There is experience with the use of tifluridine ophthalmic solution for the treatment of genital herpes caused by acyclovir-resistant strains (). Tifluridine is a pyrimidine nucleoside analog that, like cidophyr, acts independently of viral thymidine kinase. High toxicity does not allow the drug to be taken orally. Small clinical studies have shown a beneficial effect of tifluridine in acyclovir-resistant genital herpes in patients with HIV infection (68). In infections caused by acyclovir- or acyclovir/foscarnet-resistant herpes simplex viruses, tifluridine showed a synergistic effect with interferon-a (69). However, to determine the therapeutic value of tifluridine in genital herpes, further study is needed in large controlled studies.
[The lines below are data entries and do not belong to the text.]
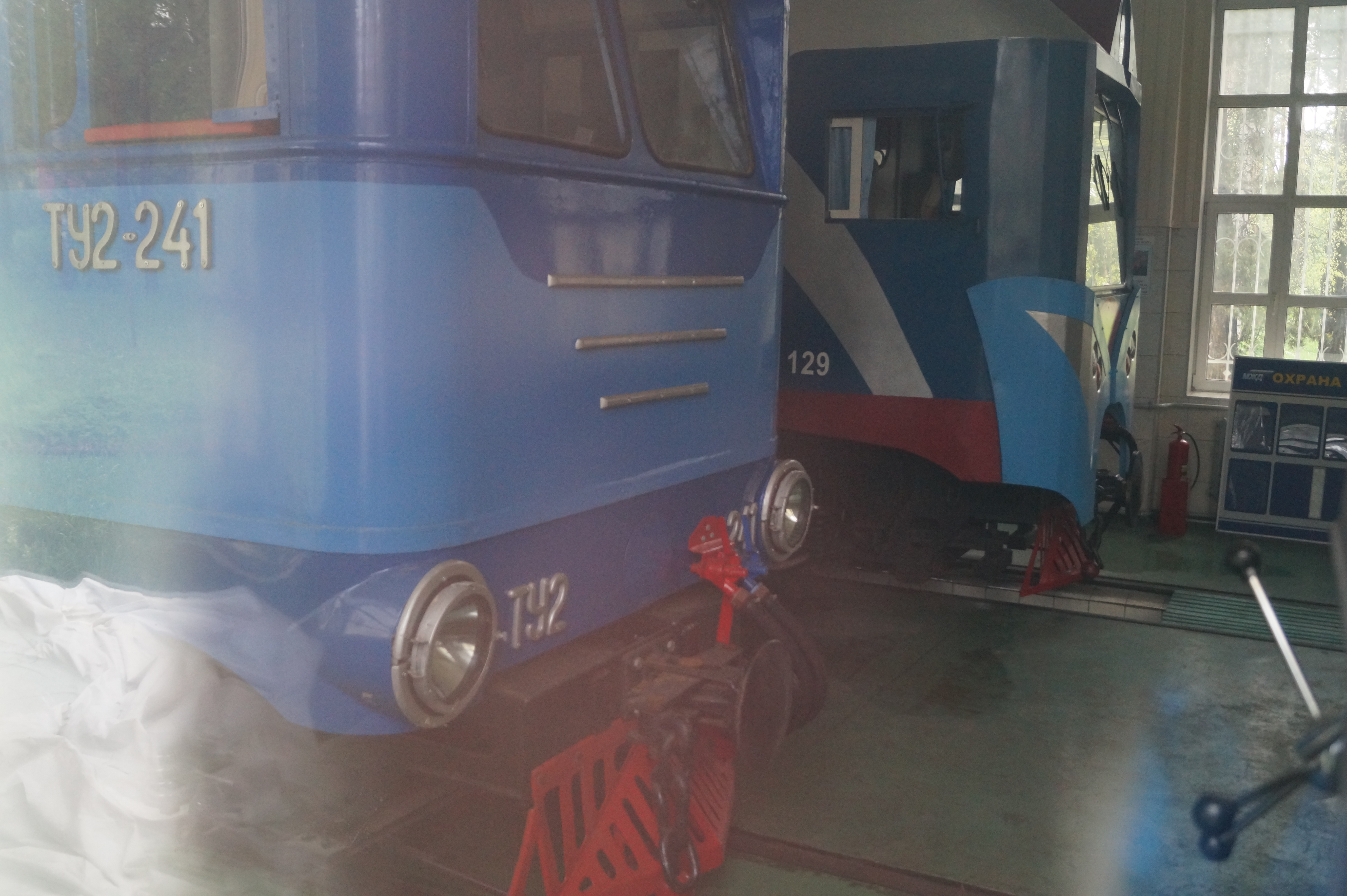 TU2-129 and TU2-241 at Kratovo children railway This image is blurry. It might therefore qualify for deletion if an identical image of better quality is provided. Some pictures are blurred intentionally; those should not be deleted but placed in Category:Intentionally blurred images.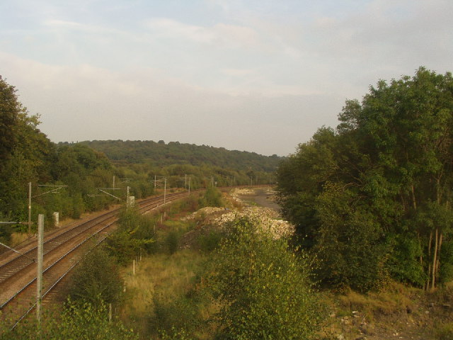 Former Newlay Station, Newlay, Leeds. Another view of the former station, looking east from Pollard Lane bridge.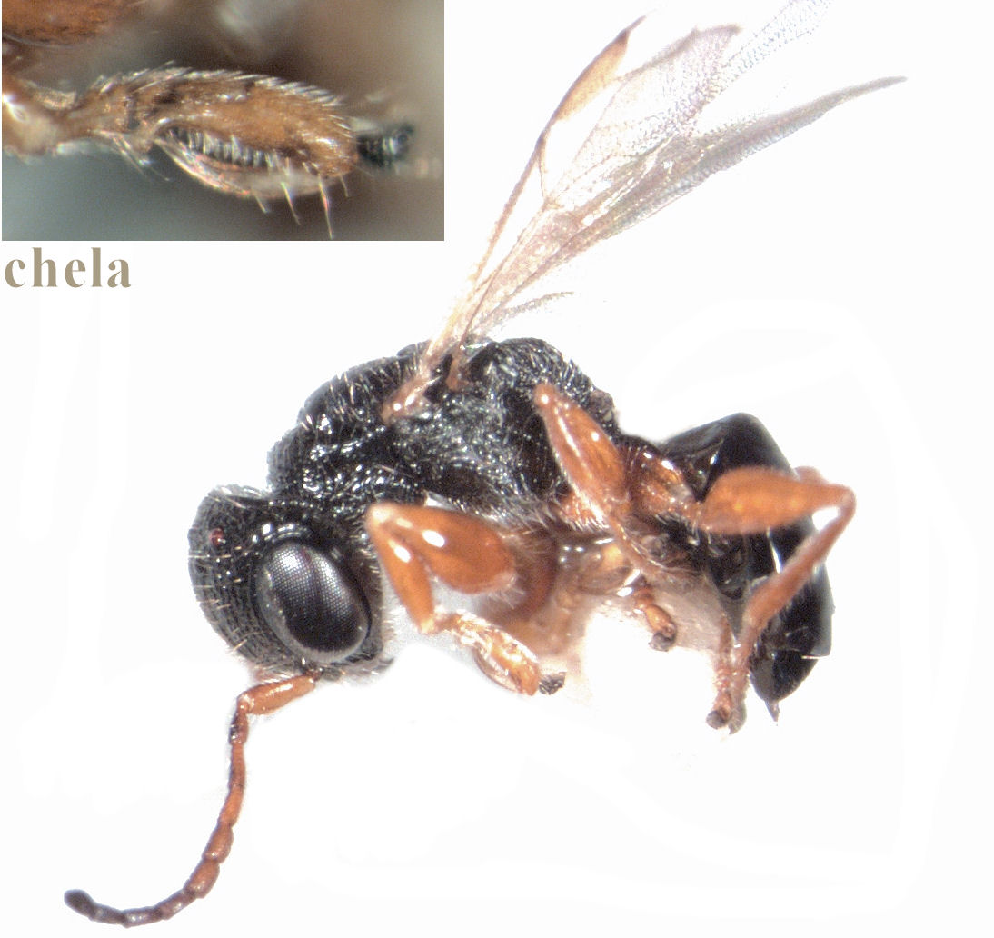 adult female Anteon caledonianum (lateral), with enlarged chela inset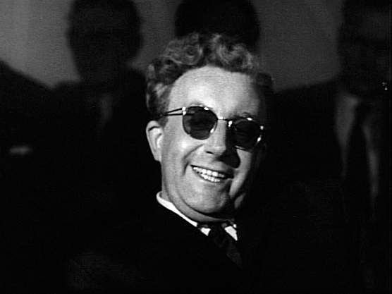 Peter Sellers as Dr. Strangelove from Stanley Kubrick's 1964 film, Dr. Strangelove.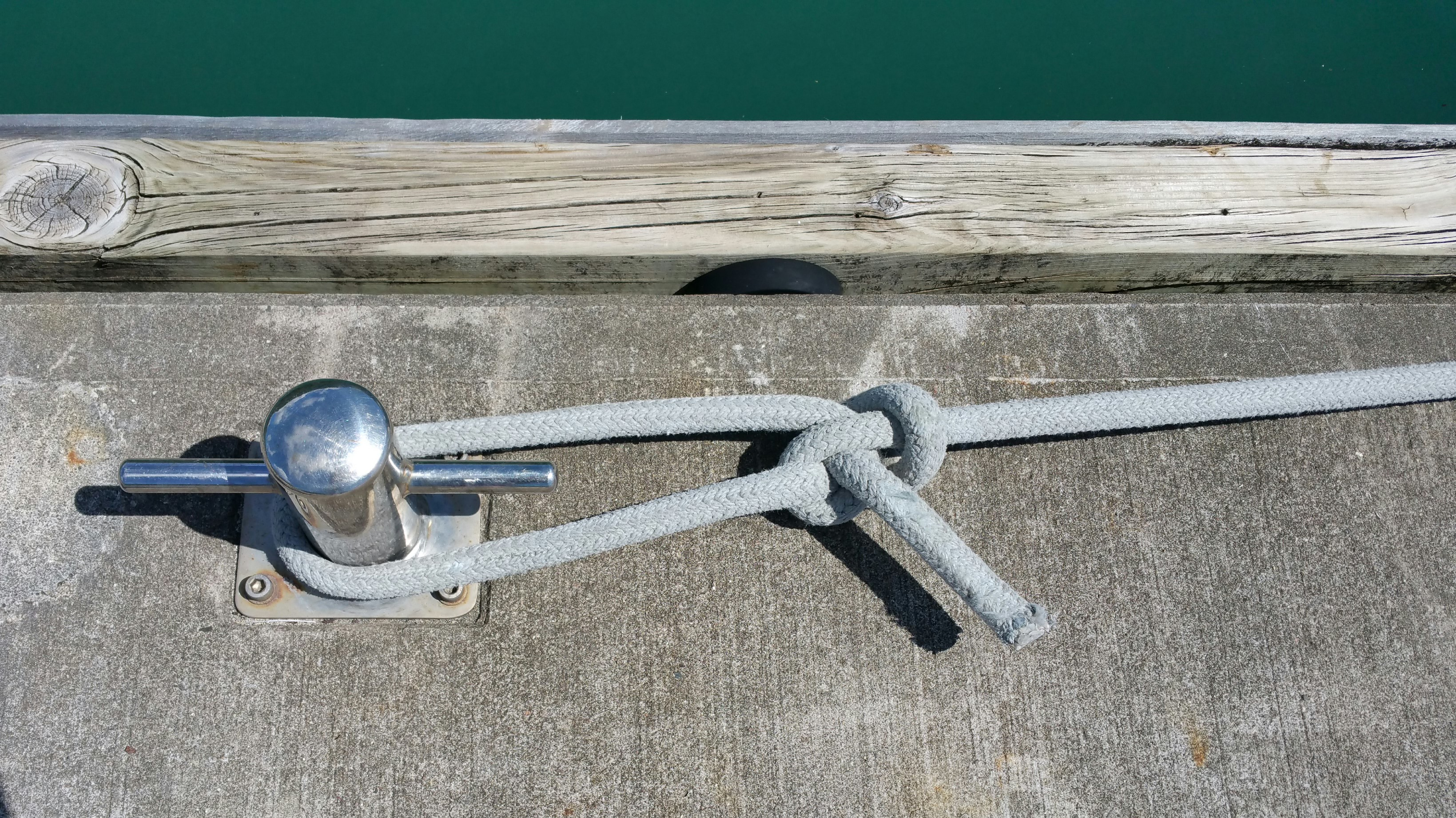 Bowline knot (other side). Left hand nipping loop, tail inside eye

Several studies examining the efficacy of topical interferon formulations for the treatment of genital herpes have yielded conflicting results. Local application of interferon α-2a 6 times / day. in the form of an aqueous solution proved to be ineffective for the treatment of herpes genital lesions (70). In a placebo-controlled study that included 387 patients, on the contrary, the effectiveness of interferon α-2a gel was shown when applied 4 times / day. within 4 days in case of recurrence of genital herpes (71). In patients of both sexes, the period of virus shedding decreased, in addition, in men, there was a significant decrease in pain, itching, and crusting time. In a study including 25 patients, a beneficial effect of interferon ß was shown (72). nine0003

In Germany and Canada, edoxudine, an analogue of deoxythymidine, has been approved for the treatment of genital herpes, showing pronounced antiherpes activity in vitro and in vivo (73, 74). The mechanism of action of the drug is similar to that of acyclovir. When applied topically, it is better absorbed than polyethylene glycol-based acyclovir ointment. In a multicentre, placebo-controlled study, edoxudin 3% cream applied for 5 days significantly reduced viral shedding in both sexes (75). In women, there was also a decrease in soreness and adenopathy in the groin. nine0003

A dosage form of acyclovir with controlled release of the active substance has been developed (76). Its advantage is the prolongation of the half-life of acyclovir. Clinical trials conducted in Europe show that long-acting acyclovir is equally effective as short-acting acyclovir. It has been suggested that the use of a drug with an extended half-life may lead to a decrease in the number of relapses during suppressive therapy, but it requires further study. nine0003

In experiments on guinea pigs and in a clinical study, the beneficial effect of resiquimod, an immune response modifier from the imidazoquinoline group, has been shown (77, 78). In patients with genital herpes, when topical treatment was started within a day after the onset of symptoms, there was an increase in the time before a relapse occurred. In 52 immunocompetent patients with a history of at least 6 relapses per year, the median time to the first relapse was 169days with resiquimod and 57 days with placebo (79). The drug is currently undergoing phase III clinical trials.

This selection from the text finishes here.